Lesson: Schema flexibility is a double-edged sword. Without discipline, it creates technical debt. MongoDB shines when the data model is genuinely hierarchical.
If you chose Option C
The combination works very well for reads. But at month 2, you discover cache invalidation bugs: some users see stale data after updates. You implement an event-based invalidation system and the problem is solved, but operational complexity increased significantly.
Lesson: Adding a cache solves performance problems but introduces consistency problems. Only add a cache when you truly need it, not “just in case.”
Scenario 3: The external service that fails
Context
Your payments service depends on an external provider (Stripe). Over the last few weeks, Stripe has had 3 availability incidents that affected your users. The product team wants payments to “never fail.”
Options
Option A: Add a second provider (PayPal) as a fallback
- You duplicate the payment integration
- If Stripe fails, redirect to PayPal automatically
- Higher complexity in reconciliation
Option B: Implement a retry queue
- Failed payments go to a queue
- They’re retried automatically with exponential backoff
- The user is notified when the payment goes through
Option C: Circuit breaker + graceful degradation
- Detect Stripe failures quickly
- Show the user a clear message and offer to retry later
- Save the attempt to process it once Stripe recovers
Consequences
If you chose Option A
It works, but reconciliation across two providers is complex. Some payments are processed on Stripe and others on PayPal, which complicates financial reporting. On top of that, PayPal has its own failure rate — it’s not immune. At month 3, you have a more resilient system but one that’s significantly more complex to operate.
Lesson: Multiple providers increase availability but multiply complexity. Weigh whether the operational cost justifies the improvement in availability.
If you chose Option B
Automatic retries resolve 90% of transient failures. But you discover a problem: some payments are processed twice because the retry arrives when Stripe had already processed the first one (but responded with a timeout). You implement idempotency with unique keys and the problem is solved.
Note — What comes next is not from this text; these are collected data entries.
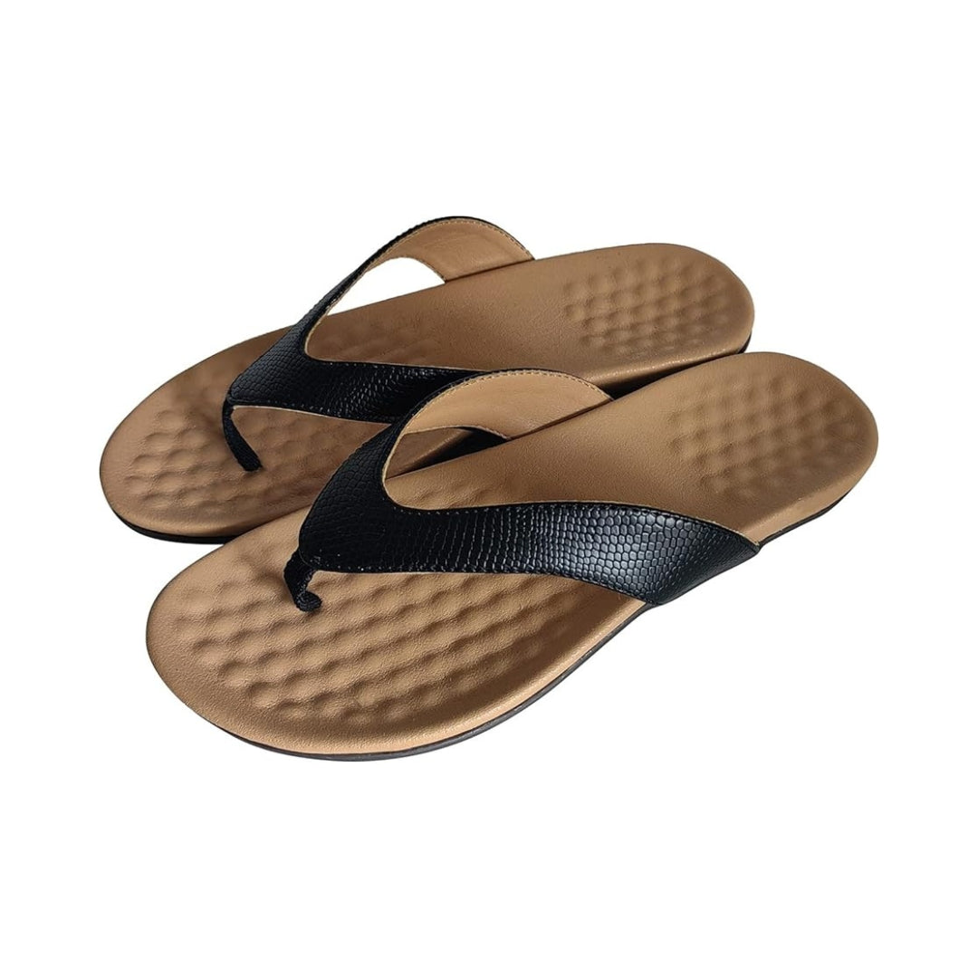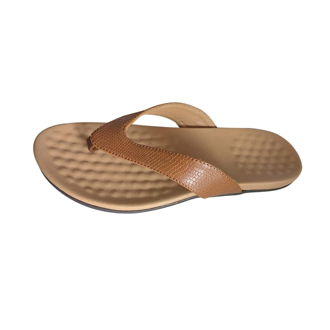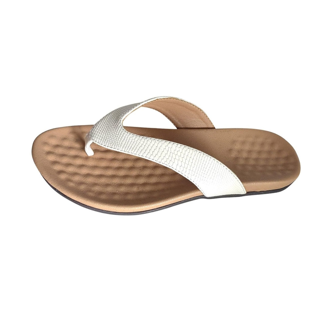 Dessus de la sandale : Fabriqué en polyuréthane (PU) doux et résistant, il présente une texture légèrement grainée pour un rendu chic et discret. Le design en Y, façon tongs habillées, maintient bien le pied tout en laissant respirer la peau.
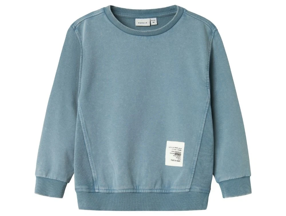 Blå sweatshirt fra Name It 13241234 spring lakeLille hvid mærkat på blå sweatshirt fra Name It 13241234 spring lakeDreng i blå sweatshirt fra Name It 13241234 spring lake
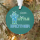 Les garçons de petit frère de robot ont personnalisé l'ornement de Noël de frères d'enfants. Personnalisez cet ornement orienté de robot dans le blanc bleu. Image d'un robot mignon dans les bleus et les verts avec le PETIT FRÈRE de libellé. L'arrière - plan est vert-foncé et peut être changé en choisissant la PERSONNALISER. L'amusement a personnalisé des ornements de Noël de souvenir d'enfant de mêmes parents pour le plus jeune frère de bébé, frère. Coordonnez avec de petits et moyens cadeaux de frère ou de soeur.
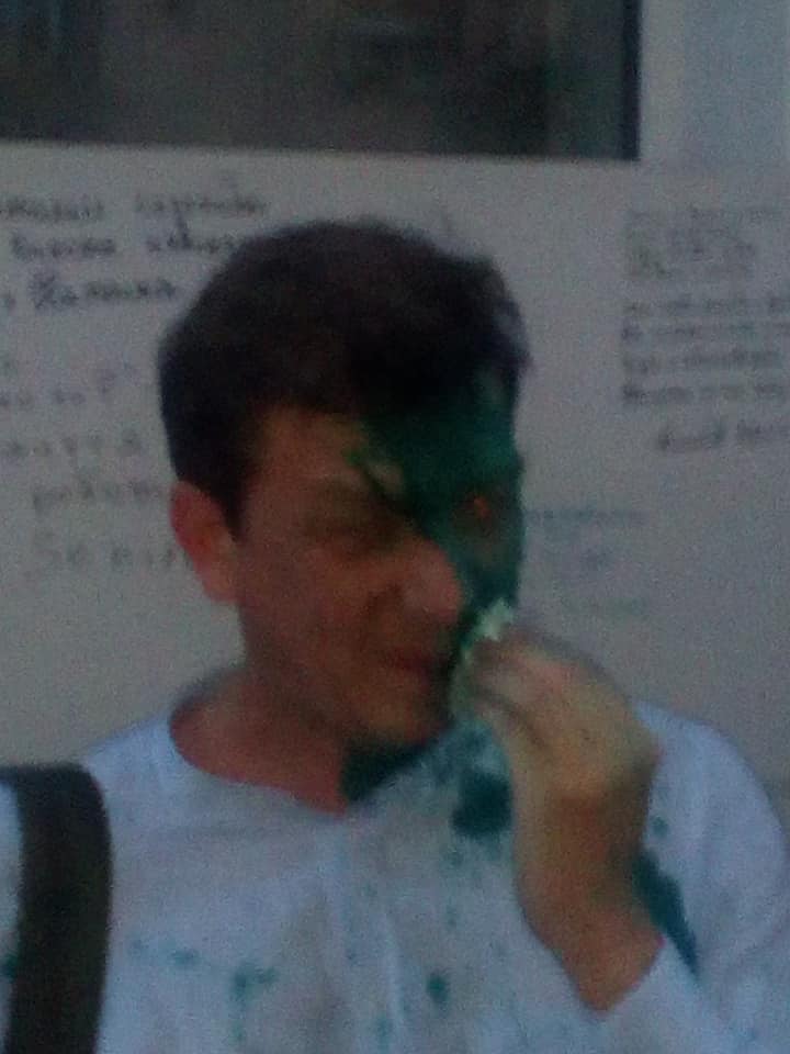 Там отмечают, что "после этого на скандальноизвестного Олеся Дония, который вызвался быть лектором на ЛГБТ-тусовке, вылился флакон зеленки". "Видимо, он хотел тем показать, что он тоже легко меняет цвета за деньги грантодателей", - написали радикалы.
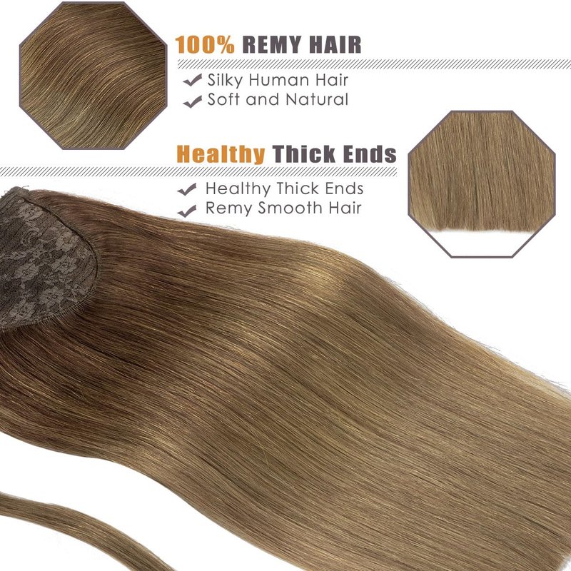 - ♥【Easy Install & Unique Design】— The Wrap Around Human Hair Ponytail Extension Comes with An Easy Install Clip-in Comb and Magic Paste with Hair Ties. It's Easy to Use! Just Clip In and Wrap It Around Your Ponytail to Get that Instant Length. This Ponytail Extension Has a Unique Hair Tie Design to Look It Like Your Real Hair. Much Lighter than Synthetic Hair. No One Knows Your Little Secret!

Lesson: Retries without idempotency are dangerous. Always implement idempotency before implementing automatic retries.
If you chose Option C
The circuit breaker detects failures within seconds and stops sending requests to Stripe. Users see a clear message: “The payment system is temporarily unavailable. Your cart is saved — you can complete the purchase later.” The experience isn’t perfect, but it’s honest and doesn’t create frustration.
Lesson: Sometimes the best response to a failure is to be transparent with the user. Not every problem requires a complex technical solution.
Final reflection
After completing the scenarios, reflect:
- Did you tend to choose the most complex option or the simplest one?
- Did you consider the constraints (time, team, budget) or only the technical requirements?
- Would you change any decision knowing the consequences?
- What pattern do you see in your decisions? Are you conservative or a risk-taker?
The best architectural decisions aren’t the most sophisticated ones — they’re the ones that best fit the real context of the project.